Task details> Give the data below again exactly as written, without its pictures.

Data excerpts>
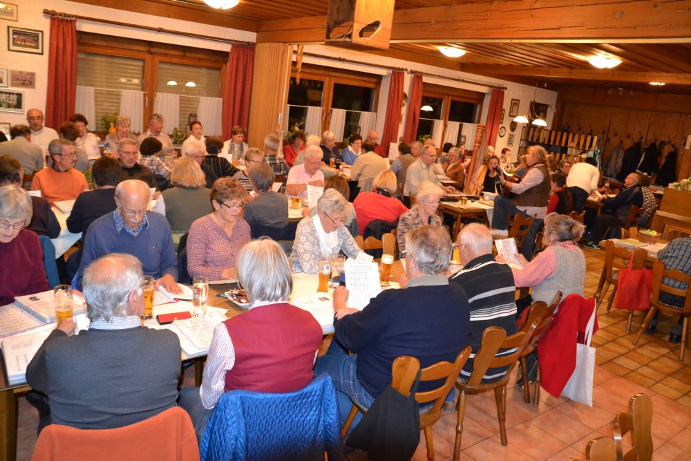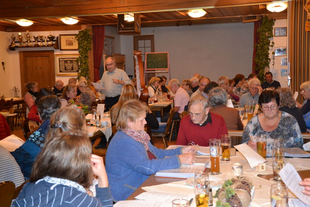 Mehr aus dem Salzburger Raum stammte das Lied „Wanns nur lei regna tuat“. Dafür musste die 1. und die 2. Stimme zunächst geprobt werden, aber Rosa Karger und Max Beer unterstützten die Sängerinnen und Sänger natürlich wieder kräftig mit ihrer „Leitstimme“, an der sich die anderen orientieren konnten – und wenn wirklich jemand im Saal glaubte, einen falschen Ton angeschlagen oder den Takt nicht rechtzeitig erreicht zu haben, so ging das ohne Probleme im großen, gemeinsamen Gesang unter, dafür musste sich niemand schämen. Und das ist eben auch das Schöne an diesem gemeinsamen Singen – jeder kann mitmachen, ohne Angst vor Fehlern zu haben. – Das Lied führte natürlich vom Regen zum Schnee, aber Hauptsache war doch, dass es nicht schlechter wird („wenn´s nur so bleibt, ist´s mir scho recht, aber schlechter kann´s nimmer wern – wenn´s mir glei guat geht, mag mi net schern, aber viel schlechter darf´s nimmer wern). Und mit diesem Lied war schon die Einleitung zur etwas besinnlicheren Zeit mit dem Lied „Und unsa lieba Frau“, die wandern gehen wollt und einen armen Schefman trifft, den sie bittet sie in sein Schef eingelassen zu werden und als sie in der Mitte des tiefen Meeres ankommen, ertönen alle Glocken die sie ins Himmelreich führen; dort angekommen mit dem Schefmann, der Armen Seele, will Petrus nur sie einlassen, doch sie erreicht, dass auch die Arme Seele ins Himmelreich darf, weil diese jede Samstagnacht ein Lichtlein angezündet hat – ein nachdenkliches Lied, das auch schon auf die kommende ruhige Zeit hinweist.
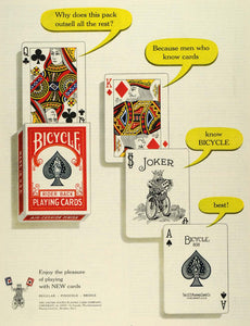 This is an original 1953 color print ad for the Bicycle Rider Back Playing Cards from United States Playing Card Company located in Cincinnati, Ohio.
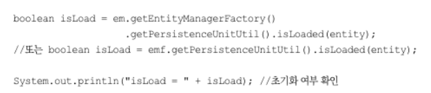 PersistenceUnitUtil.isLoaded(Object entity) 메서드를 사용하면 프록시 인스턴스의 초기화 여부를 확인할 수 있다. 초기화 되었다면 true 안되었다면 false를 반환한다.
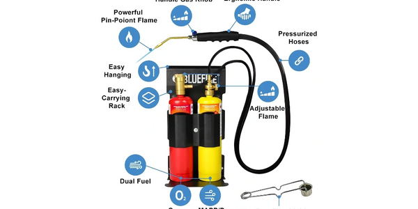 BLUEFIRE HZ-7150 is a Professional Grade High Heat Cutting Torch featured with Duel Fuel Feeds fittings and hoses for Oxygen and MAPP/MAP PRO/Propane and Pin Point Tip Flame nozzle.
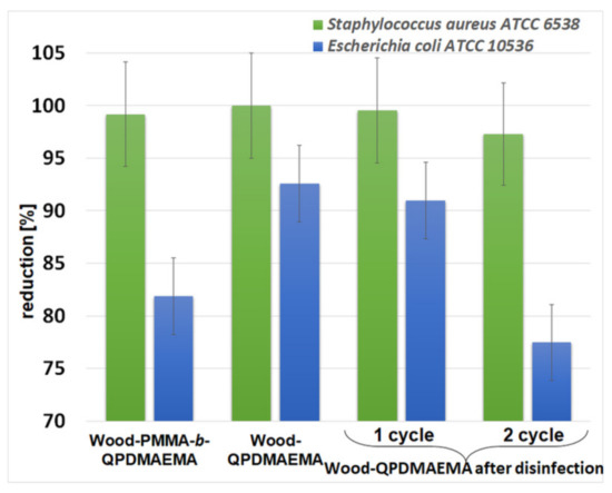 In order to evaluate the antibacterial effectiveness of wood-PMMA-b-QPDMAEMA-Br and wood-QPDMAEMA-Br exposed to washing and decontamination, two cycles of disinfection were carried out. Each cycle consisted of 30 min soaking of wood block in 70% ethanol, air drying, and UV sterilization (all activities were carried out under Laminar Flow Cabinet ESCO Airstream in order to ensure aseptic conditions). After each cycle, the antibacterial activity assays of wood-PMMA-b-QPDMAEMA-Br, wood-QPDMAEMA-Br, and control wood were repeated.
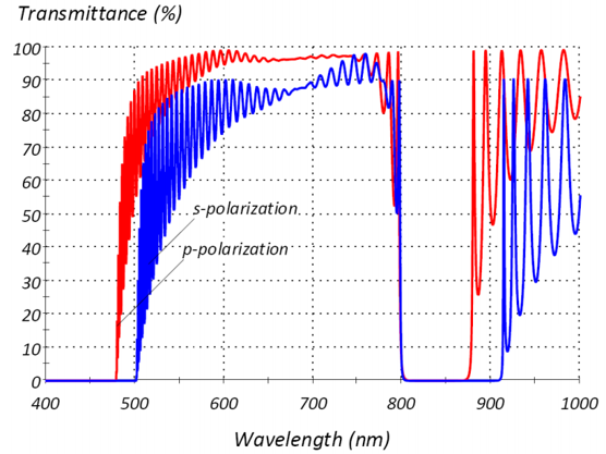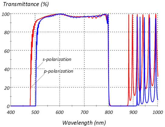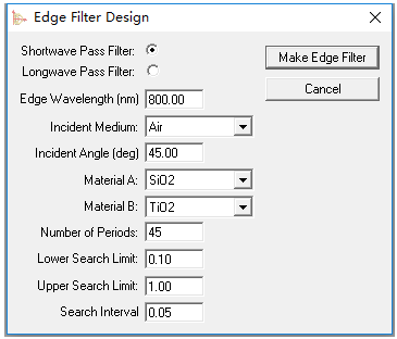 Design Tool中,EdgeFilter的功能是可以用來(lái)幫助設(shè)計(jì)邊緣濾波器的結(jié)構(gòu)。一個(gè)簡(jiǎn)單的邊緣濾波器是基于四分之一堆棧的,在基板和入射介質(zhì)旁邊的幾個(gè)匹配層可以用來(lái)抑制通帶波紋。當(dāng)傾斜時(shí),高反射率區(qū)的寬度對(duì)S偏振光有增大的趨勢(shì),對(duì)P偏振光有減小的趨勢(shì),導(dǎo)致偏振分離。四分之一波長(zhǎng)堆棧不容易得到顯著改善,但是Thelen 已經(jīng)表明五層對(duì)稱周期是可以作為邊緣濾波器的基礎(chǔ)的,其中p和s偏振邊緣可以重合。嚴(yán)格來(lái)說(shuō),這只是在一個(gè)入射角,但經(jīng)驗(yàn)表明,在一定角度范圍內(nèi)分裂非常小。邊緣濾波器工具可以找到這樣一個(gè)對(duì)稱的周期,并設(shè)計(jì)一個(gè)非偏振邊緣濾波器。該工具使用迭代技術(shù)來(lái)識(shí)別所有可能的組合,并找到通帶寬度和禁帶寬度的最佳組合,但是后者受到一定限制。

Task result>
 Mehr aus dem Salzburger Raum stammte das Lied „Wanns nur lei regna tuat“. Dafür musste die 1. und die 2. Stimme zunächst geprobt werden, aber Rosa Karger und Max Beer unterstützten die Sängerinnen und Sänger natürlich wieder kräftig mit ihrer „Leitstimme“, an der sich die anderen orientieren konnten – und wenn wirklich jemand im Saal glaubte, einen falschen Ton angeschlagen oder den Takt nicht rechtzeitig erreicht zu haben, so ging das ohne Probleme im großen, gemeinsamen Gesang unter, dafür musste sich niemand schämen. Und das ist eben auch das Schöne an diesem gemeinsamen Singen – jeder kann mitmachen, ohne Angst vor Fehlern zu haben. – Das Lied führte natürlich vom Regen zum Schnee, aber Hauptsache war doch, dass es nicht schlechter wird („wenn´s nur so bleibt, ist´s mir scho recht, aber schlechter kann´s nimmer wern – wenn´s mir glei guat geht, mag mi net schern, aber viel schlechter darf´s nimmer wern). Und mit diesem Lied war schon die Einleitung zur etwas besinnlicheren Zeit mit dem Lied „Und unsa lieba Frau“, die wandern gehen wollt und einen armen Schefman trifft, den sie bittet sie in sein Schef eingelassen zu werden und als sie in der Mitte des tiefen Meeres ankommen, ertönen alle Glocken die sie ins Himmelreich führen; dort angekommen mit dem Schefmann, der Armen Seele, will Petrus nur sie einlassen, doch sie erreicht, dass auch die Arme Seele ins Himmelreich darf, weil diese jede Samstagnacht ein Lichtlein angezündet hat – ein nachdenkliches Lied, das auch schon auf die kommende ruhige Zeit hinweist.
 This is an original 1953 color print ad for the Bicycle Rider Back Playing Cards from United States Playing Card Company located in Cincinnati, Ohio.
 PersistenceUnitUtil.isLoaded(Object entity) 메서드를 사용하면 프록시 인스턴스의 초기화 여부를 확인할 수 있다. 초기화 되었다면 true 안되었다면 false를 반환한다.
 BLUEFIRE HZ-7150 is a Professional Grade High Heat Cutting Torch featured with Duel Fuel Feeds fittings and hoses for Oxygen and MAPP/MAP PRO/Propane and Pin Point Tip Flame nozzle.
 In order to evaluate the antibacterial effectiveness of wood-PMMA-b-QPDMAEMA-Br and wood-QPDMAEMA-Br exposed to washing and decontamination, two cycles of disinfection were carried out. Each cycle consisted of 30 min soaking of wood block in 70% ethanol, air drying, and UV sterilization (all activities were carried out under Laminar Flow Cabinet ESCO Airstream in order to ensure aseptic conditions). After each cycle, the antibacterial activity assays of wood-PMMA-b-QPDMAEMA-Br, wood-QPDMAEMA-Br, and control wood were repeated.
 Design Tool中,EdgeFilter的功能是可以用來(lái)幫助設(shè)計(jì)邊緣濾波器的結(jié)構(gòu)。一個(gè)簡(jiǎn)單的邊緣濾波器是基于四分之一堆棧的,在基板和入射介質(zhì)旁邊的幾個(gè)匹配層可以用來(lái)抑制通帶波紋。當(dāng)傾斜時(shí),高反射率區(qū)的寬度對(duì)S偏振光有增大的趨勢(shì),對(duì)P偏振光有減小的趨勢(shì),導(dǎo)致偏振分離。四分之一波長(zhǎng)堆棧不容易得到顯著改善,但是Thelen 已經(jīng)表明五層對(duì)稱周期是可以作為邊緣濾波器的基礎(chǔ)的,其中p和s偏振邊緣可以重合。嚴(yán)格來(lái)說(shuō),這只是在一個(gè)入射角,但經(jīng)驗(yàn)表明,在一定角度范圍內(nèi)分裂非常小。邊緣濾波器工具可以找到這樣一個(gè)對(duì)稱的周期,并設(shè)計(jì)一個(gè)非偏振邊緣濾波器。該工具使用迭代技術(shù)來(lái)識(shí)別所有可能的組合,并找到通帶寬度和禁帶寬度的最佳組合,但是后者受到一定限制。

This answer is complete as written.